Friday, April 28, 2006
Thursday, April 27, 2006
Good Morning, Starshine
I know I've been missing for a while, and my loyal fan (hi Mel!) has probably been wondering where I've been. To celebrate my return, I thought I would write a (hopefully) non-law school post. Maybe it will be good enough to get me linked to my sister's blog.
So mom got me this Hallmark card organizer to help separate the piles of cards she seems to think I have laying around the house. It's very nice, and almost as worthless as extremely expensive receipe box she got me last Christmas. It turns out that I only have about 5 unused cards, and the organizer came with 3 of those. It makes me want to acquire cards so that they can be organized. This is how Hallmark gets you. They convince you that you will be considered the most put-together and thoughtful person on the block because you always remember every little occasion (have you seen those commercials? Advertisting brilliance) and then shame you into buying unneccessary cards because your organizer sits empty. It reminds me of my favorite advertising ploy: create a problem and then offer a product to fix it. No one even knew they were sufferers until you came along and told them how to get better. Genious.

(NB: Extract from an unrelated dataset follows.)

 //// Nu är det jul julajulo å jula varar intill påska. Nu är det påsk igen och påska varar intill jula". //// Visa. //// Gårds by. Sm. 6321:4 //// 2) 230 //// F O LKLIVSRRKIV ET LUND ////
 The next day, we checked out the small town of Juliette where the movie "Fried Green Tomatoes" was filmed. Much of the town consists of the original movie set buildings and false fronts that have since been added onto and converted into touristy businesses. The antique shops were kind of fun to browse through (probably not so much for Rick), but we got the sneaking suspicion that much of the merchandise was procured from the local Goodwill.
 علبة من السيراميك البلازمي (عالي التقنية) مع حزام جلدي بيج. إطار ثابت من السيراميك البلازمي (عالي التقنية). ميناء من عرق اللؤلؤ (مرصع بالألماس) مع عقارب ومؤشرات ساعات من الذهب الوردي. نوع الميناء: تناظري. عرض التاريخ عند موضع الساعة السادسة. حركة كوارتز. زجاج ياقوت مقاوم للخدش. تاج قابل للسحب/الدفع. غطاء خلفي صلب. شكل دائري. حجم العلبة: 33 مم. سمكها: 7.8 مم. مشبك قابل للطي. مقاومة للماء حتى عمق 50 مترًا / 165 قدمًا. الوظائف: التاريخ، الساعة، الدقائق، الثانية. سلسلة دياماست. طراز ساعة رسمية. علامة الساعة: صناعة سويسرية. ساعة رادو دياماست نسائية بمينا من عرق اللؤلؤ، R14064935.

My sweet little Tobey (see above, isn't she cute?) has been a model litter box user ever since we moved to MA. It makes me wonder what it was about my old apartment/roommates/city that made her want to wet the bed. Still, she wouldn't be Tobey if she hadn't developed a new quirk in the mean time. Tobey has decided, after a year and a half of never doing this, to become my morning alarm clock. Apparently she has finally learned that I get up at approx. 6:00 am every day. She has made it her mission in life to be sure that I don't sleep in by howling the howl of a dying animal in my face at 5:58. If I hide my face from her, she chews on my hair. It's hard to be angry at such a thoughtful kitty, although I manage to do it every morning at 5:58am. As annoying as this is on work days, it is even more annoying on the weekends, because Tobey becomes more and more concerned that I am sleeping in as time passes on a Saturday morning. She begins wailing promptly at 5:58. I can usually calm her down by saying good morning and rubbing her until she lays down again. We sleep peacefully until her snooze alarm goes off at 6:18. She wails. I rub. At 7:00 she bites my hair and puts her wet nose on my eyelid. I get up and go to the bathroom. I check her food bowl to be sure this isn't a cry for help (it never is). We go back to bed. At 7:30 she stands on my chest and meows stinky cat food breath in my nostrils. I surrender and get up.

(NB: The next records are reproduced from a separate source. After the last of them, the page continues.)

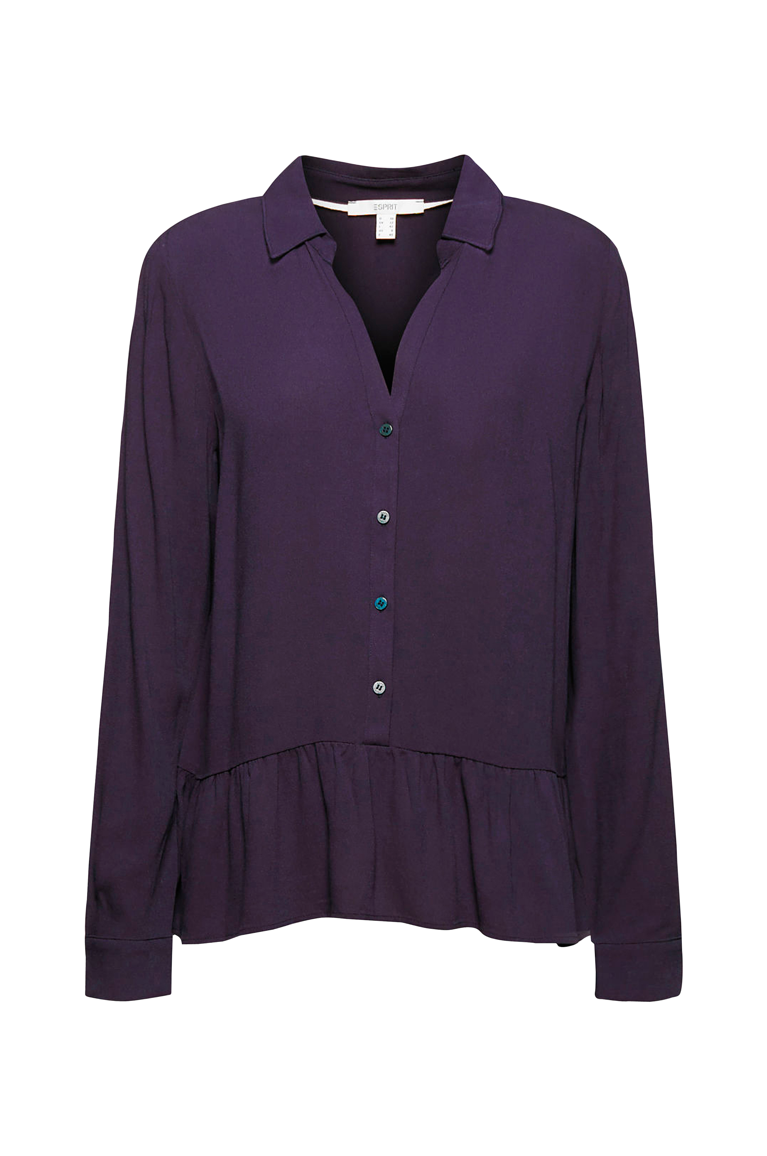 Pehmeästi laskeutuva viskoosipaita. Suora, rento malli. Paidankaulus, V-pääntie ja neljä nappia edessä. Röyhelö helmassa. Napilliset kalvosimet.
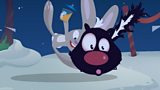 Mae Smotyn yn dal annwyd gan bod ei ogof yn gadael dwr i mewn. Mae'n cael gwahoddiad i ...(A)
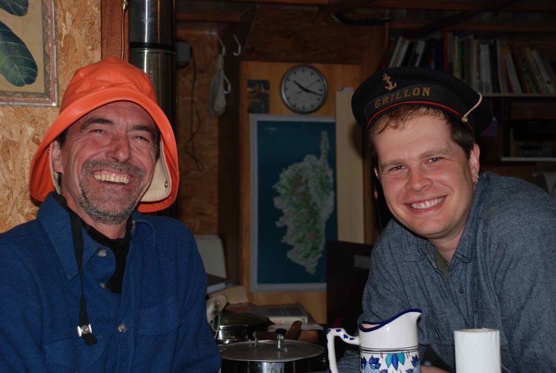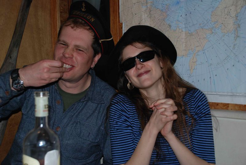 A gauche Tom, avec qui je suis rentré d'Anchorage, Rob, ancien commandant en chef de la base des Coast Guard, Ali et Rodgers, 2 australiens qui arrivent d'Australie sur leur bateau de pêche à la langouste, et gréé avec une voile, l'adorable petite Martine, Mike, l'homme aux 176 guitares ( ! ), le Chef, et Aldona, femme de Tom, qui part avec nous vers False Pas dans quelques jours,
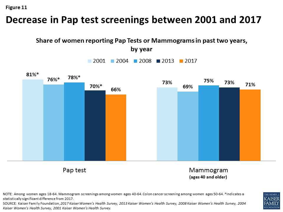 Women’s ability to access the care they need depends greatly on the availability of high quality providers in their communities as well as their own knowledge about maintaining their health through routine checkups, screenings, and provider counseling. This brief presents findings from the 2017 Kaiser Women’s Health Survey, a nationally representative survey of women ages 18 to 64 on their health status, relationships to regular providers and sites of care, and the frequency at which they receive routine preventive care. The Kaiser Family Foundation has conducted surveys on women’s health care in 2001, 2004, 2008, and 2013. This brief focuses on findings from the newest 2017 survey and presents some findings compared to earlier years.
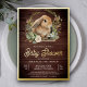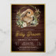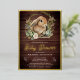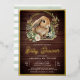 Invitación Con Relieve Metalizado Rústico Wood Cute Bunny Floral Baby Shower Gold
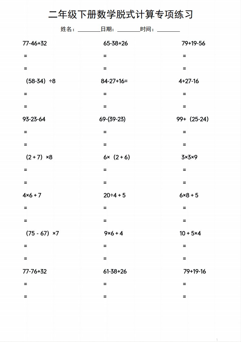 当前位置: 首页小学资源小学二年级正文 二年级下数学脱式计算专项练习_共13页 小学二年级 1 周前 0 0 10 以上为部分内容预览,如需源文档请登录您的会员账号进行下载! 声明:本站所有文章,如无特殊说明或标注,均为本站原创发布。任何个人或组织,在未征得本站同意时,禁止复制、盗用、采集、发布本站内容到任何网站、书籍等各类媒体平台。如若本站内容侵犯了原著者的合法权益,可联系我们进行处理。 尚学资源永久会员 打赏 收藏 海报 链接
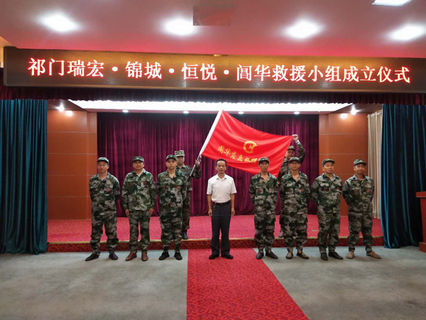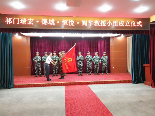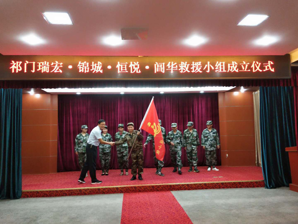 2020年8月31日,祁門縣瑞宏電器、錦城電器、恒悅電子、閶華電子四家企業(yè)應急救援小組成立及授旗儀式,在閶華電子公司二樓綜合會議室舉行。
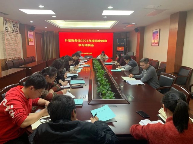 3月10日下午,机关第二党总支第三党支部在行政办公楼301会议室召开党史学习教育动员会。支部书记王利雅主持会议,计划财务处全体人员参加了会议。

I can't get her to stop. I've tried ignoring her, I've tried tossing her off the bed. I've tried locking her out of the room (this results in wailing, pushing against the door and putting her little white-toed paws under the door as if reaching for me. It breaks my heart every time). I've tried rubbing her. I've tried holding her (she doesn't like that, she wants me to get up, not her to lay down). Basically, I have tried everything except the Patrick method, which consists of holding her up in the air until she squirms enough to fall back onto the bed and run away. I think this is mean. I try to tell him so, but he invariably falls back asleep before I can get in a good chastisement. I think he plans that.
All in all, she is really turned out to be a good cat. She loves to play, has never coughed up a hairball on the carpet, uses her litterbox and is kind to visitors. Now if only I could convince her that I have an alarm clock; what I need is a napping companion.